The reason this works is that the lattice has translational invariance
under lattice translations and the Kirchoff law merely corresponds to a
discrete version of Laplace's equation at all points without a nodal
connection to the outside current source.  At the nodes connected to the
external current source Kirchoff's current law is a discrete version of
the Poisson equation whose point source is effectively the amount of net
currrent injected into the node from the outside. Fourier transformation
solves this problem since a Fourier transformation will diagonalize any
tranlationally invariant linear operator.  The reason that such a
diagonalization occurs is that such a linear translation operator is
merely an algebraic function (actually it happens to be a complex
exponential) of the crystal momentum operator and the crystal momentum is
diagonal in Fourier reciprocal space.  In the case of the square lattice
the formal solution for the effective resistance R_eff as a function of
the pair (m,n) of m units along one n.n. basis direction and n units
along the other n.n. direction between the two external electrodes
connections is a double integral over integration variables (x,y) whose
domain of integration is the square: 0 <= x <= [pi], 0 <= y <= [pi]
where:

R_eff = r*dble_int{dx*dy*(1 - cos(m*x + n*y))/(2 - cos(x) - cos(y))}/[pi]^2

Here r is the resistance of each bond-connected resistor.  Using symmetry
it is possible to show that for (m,n) = (1,0), (0,1), (-1,0), and (0,-1)
the effective nearest neighbor resistance is: R_eff(1,0) = r/2.  The
integral can be integrated in closed form for (m,n) along the diagonal
directions (i.e. m = +/- n).  Using these known diagonal values, using
the square symmetry, and using the fact that the solution for R_eff obeys
the discrete Laplace equation throughout the lattice (but with a unit
source at the origin (m,n) = (0,0) and a boundary condition that R_eff
vanishes at the origin) we can recursively solve for all other (m,n)
pairs throughout the rest of the lattice by systematically working out
from the origin.  For the case for which Leigh asked Herb (i.e.
(m,n) = (1,1) ) the solution ends up being R_eff = (2/[pi])*r.

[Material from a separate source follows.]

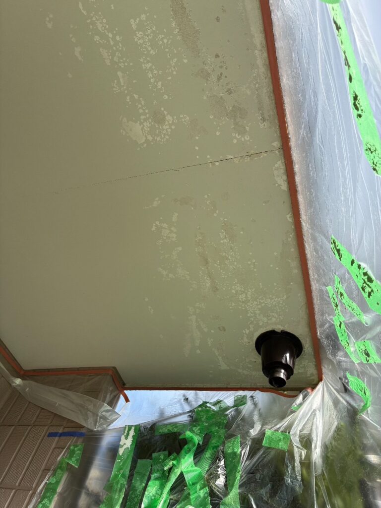 陸屋根へ屋根を架けてから軒天井を塗装し、

> Okay, somebody let me in on the trick for the resistance across a single
> diagonal of the infinite square lattice of say one-ohm resistors. I'd like
> both the elegant solution from symmetry which Leigh implied exists, and I'd
> like to know the formal Fourier method to go between any pair of junctions --
> or at least a sketch of the basic idea behind the latter if it's very
> complicated.

Is the above sketch sufficient?

> ...
> For that matter, what's the resistance along a single edge rather than a
> diagonal?

It's r/2.  (This is derivable from symmetry).

> Or what are the resistances for a simple cubic lattice along an edge,

It's r/3. (Also derivable by symmetry)

> face diagonal, and body diagonal?

I can't finish evaluating the necessary 3-d triple integral to find the
answer in closed form for these other instances.  A numerical evaluation
of the integral is needed.

It is possible in the case of the simple hypercubic d-dimensional family
of lattices to turn the d-dimensional integral into a 1-dimensional
integral over a d-fold product of modified Bessel functions I_m(x) --
each of whose order m is the integer displacement along each direction of
the lattice.  Unfortunately, I can't seem to be able to evaluate the
integral in closed form for cases other than the nearest neighbor distance
(and only the infinite distance case in 3-d).

Also, in the case of the 2-d triangular lattice case it is also possible
to evaluate the integral along a symmetry direction and recursively work
one's way out from the origin to find all the other values at other
coordinates.

Note that symmetry considerations result in the interesting (to me at
least) outcome that for *any* nearest-neighbor-bond-connected type of
Bravais lattice the effective resistance across any nearest neighbor bond
is R_eff = 2*r/z  where z is the coordination number of the lattice (i.e.
each lattice point has z nearest neighbors).

David Bowman
David_Bowman@georgetowncollege.edu